» **What you are asked to do**: Repeat exactly the lines of the records below, starting at the line containing "Heavy Duty Paper Shredder | NB-621A" and ending at the line containing "Second Place Kit — Jim Foster". Leave the pictures out.

═══ Data extracts ═══

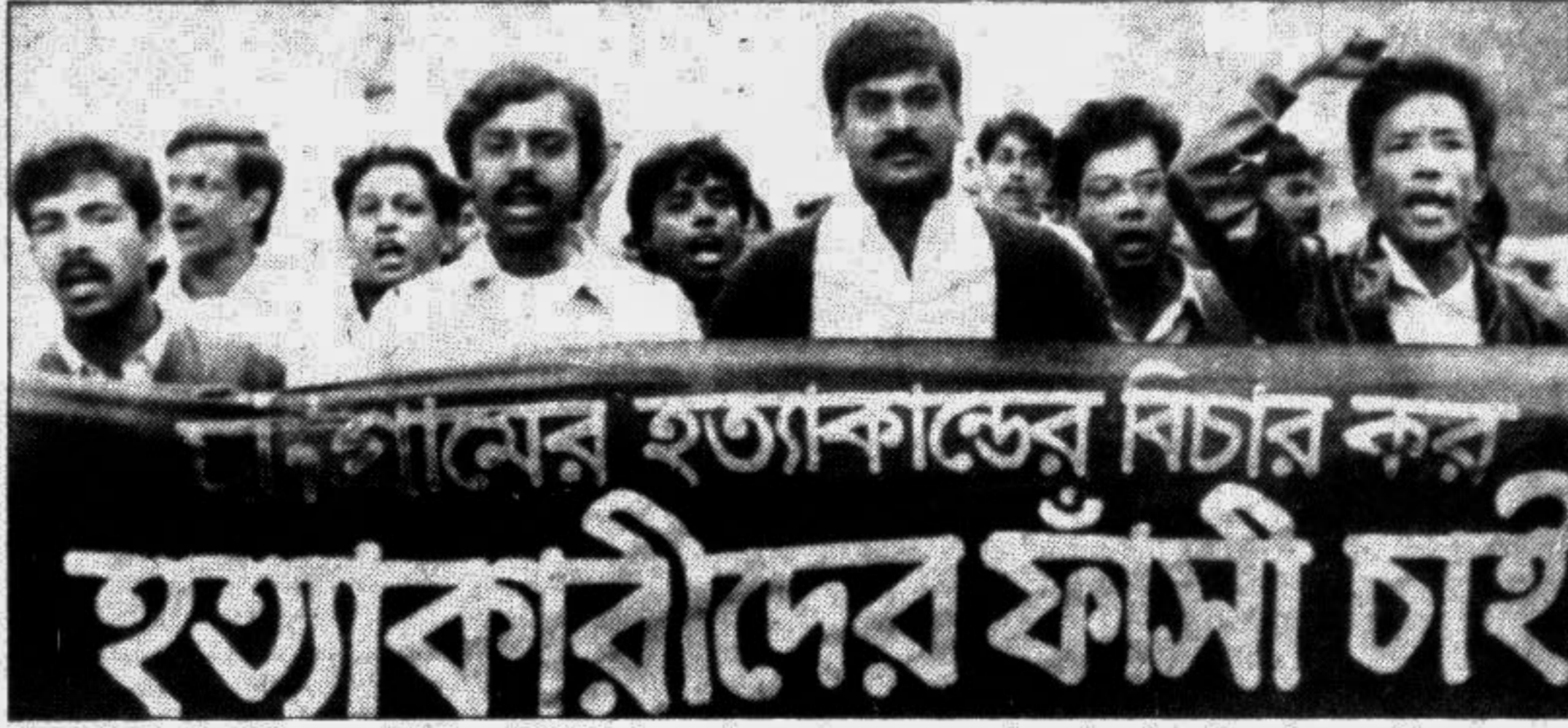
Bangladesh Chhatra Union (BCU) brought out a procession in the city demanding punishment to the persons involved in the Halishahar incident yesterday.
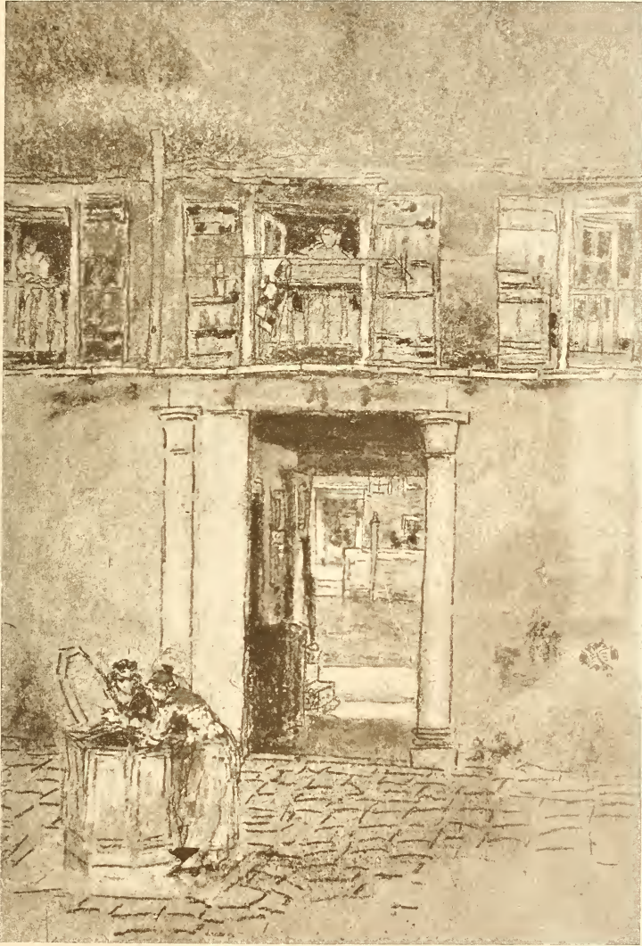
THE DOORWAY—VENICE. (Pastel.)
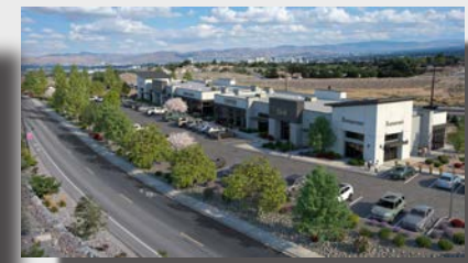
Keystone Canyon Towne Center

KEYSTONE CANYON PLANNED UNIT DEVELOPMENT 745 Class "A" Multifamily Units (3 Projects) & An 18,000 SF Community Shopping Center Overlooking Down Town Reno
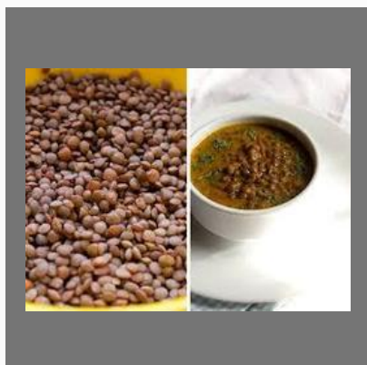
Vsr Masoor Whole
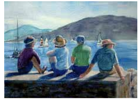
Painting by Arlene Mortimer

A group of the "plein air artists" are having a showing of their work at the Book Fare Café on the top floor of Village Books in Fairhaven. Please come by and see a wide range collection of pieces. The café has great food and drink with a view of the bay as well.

═══
═══ Data extracts ═══

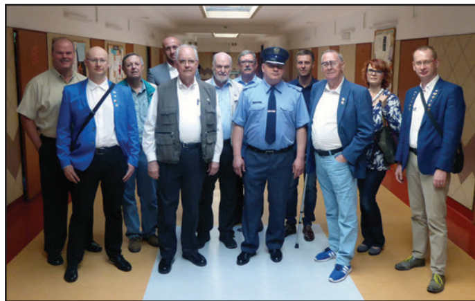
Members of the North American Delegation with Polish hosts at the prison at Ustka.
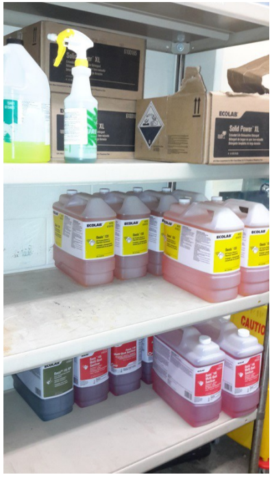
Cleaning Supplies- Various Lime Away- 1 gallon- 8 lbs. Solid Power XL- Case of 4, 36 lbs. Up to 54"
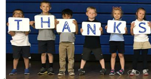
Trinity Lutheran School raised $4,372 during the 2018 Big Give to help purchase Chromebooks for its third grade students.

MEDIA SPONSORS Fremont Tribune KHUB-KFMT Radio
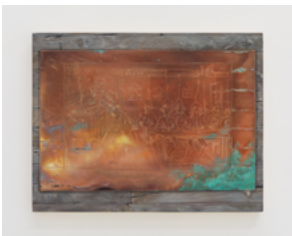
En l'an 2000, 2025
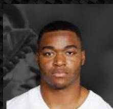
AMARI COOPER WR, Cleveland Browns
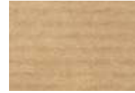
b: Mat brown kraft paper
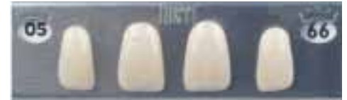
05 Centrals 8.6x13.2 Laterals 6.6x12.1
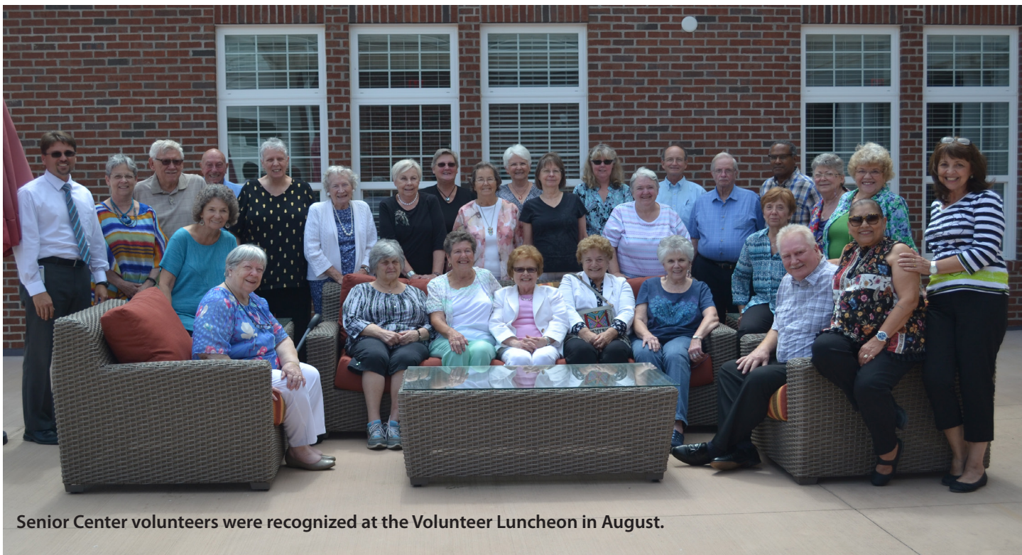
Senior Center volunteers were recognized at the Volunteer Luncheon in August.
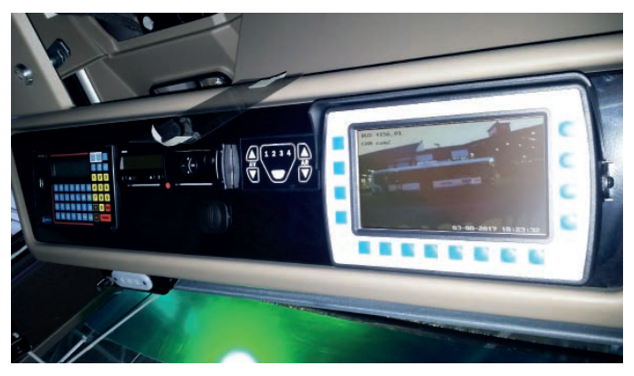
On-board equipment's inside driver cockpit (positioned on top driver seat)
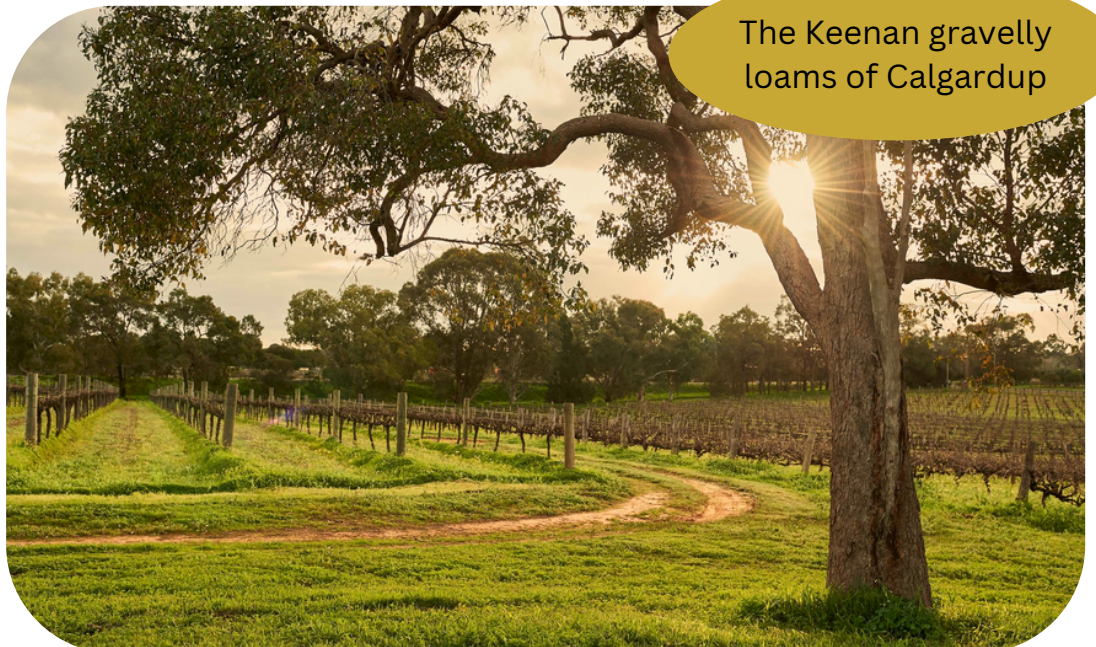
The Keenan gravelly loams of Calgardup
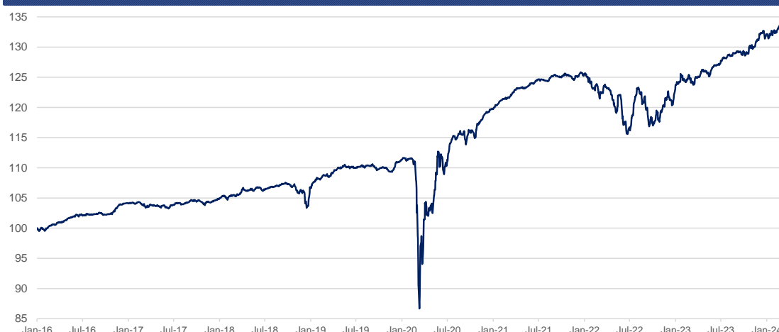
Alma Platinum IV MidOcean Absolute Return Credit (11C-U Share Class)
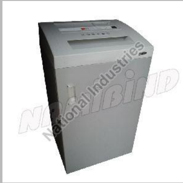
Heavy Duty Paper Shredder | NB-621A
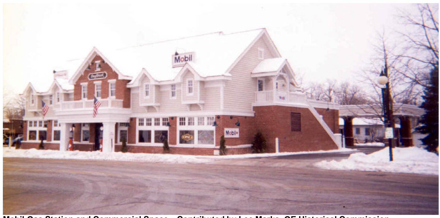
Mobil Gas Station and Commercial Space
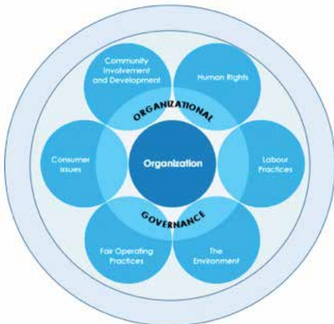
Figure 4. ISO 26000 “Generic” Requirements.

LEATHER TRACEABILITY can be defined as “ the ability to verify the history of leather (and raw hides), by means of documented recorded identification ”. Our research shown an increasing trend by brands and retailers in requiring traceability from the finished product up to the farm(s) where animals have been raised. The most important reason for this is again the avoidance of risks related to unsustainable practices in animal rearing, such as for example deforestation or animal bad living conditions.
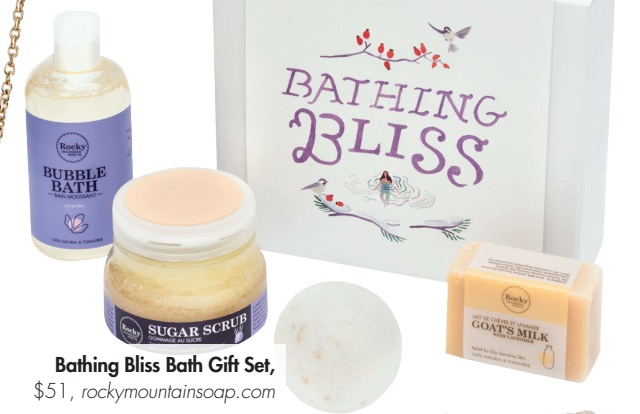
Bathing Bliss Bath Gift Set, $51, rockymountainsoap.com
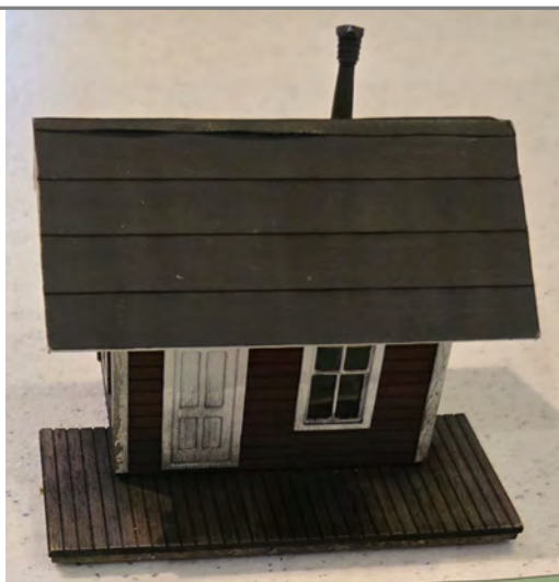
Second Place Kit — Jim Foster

═══

» **Finished task**:
Heavy Duty Paper Shredder | NB-621A
Mobil Gas Station and Commercial Space
Figure 4. ISO 26000 “Generic” Requirements.

LEATHER TRACEABILITY can be defined as “ the ability to verify the history of leather (and raw hides), by means of documented recorded identification ”. Our research shown an increasing trend by brands and retailers in requiring traceability from the finished product up to the farm(s) where animals have been raised. The most important reason for this is again the avoidance of risks related to unsustainable practices in animal rearing, such as for example deforestation or animal bad living conditions.
Bathing Bliss Bath Gift Set, $51, rockymountainsoap.com
Second Place Kit — Jim Foster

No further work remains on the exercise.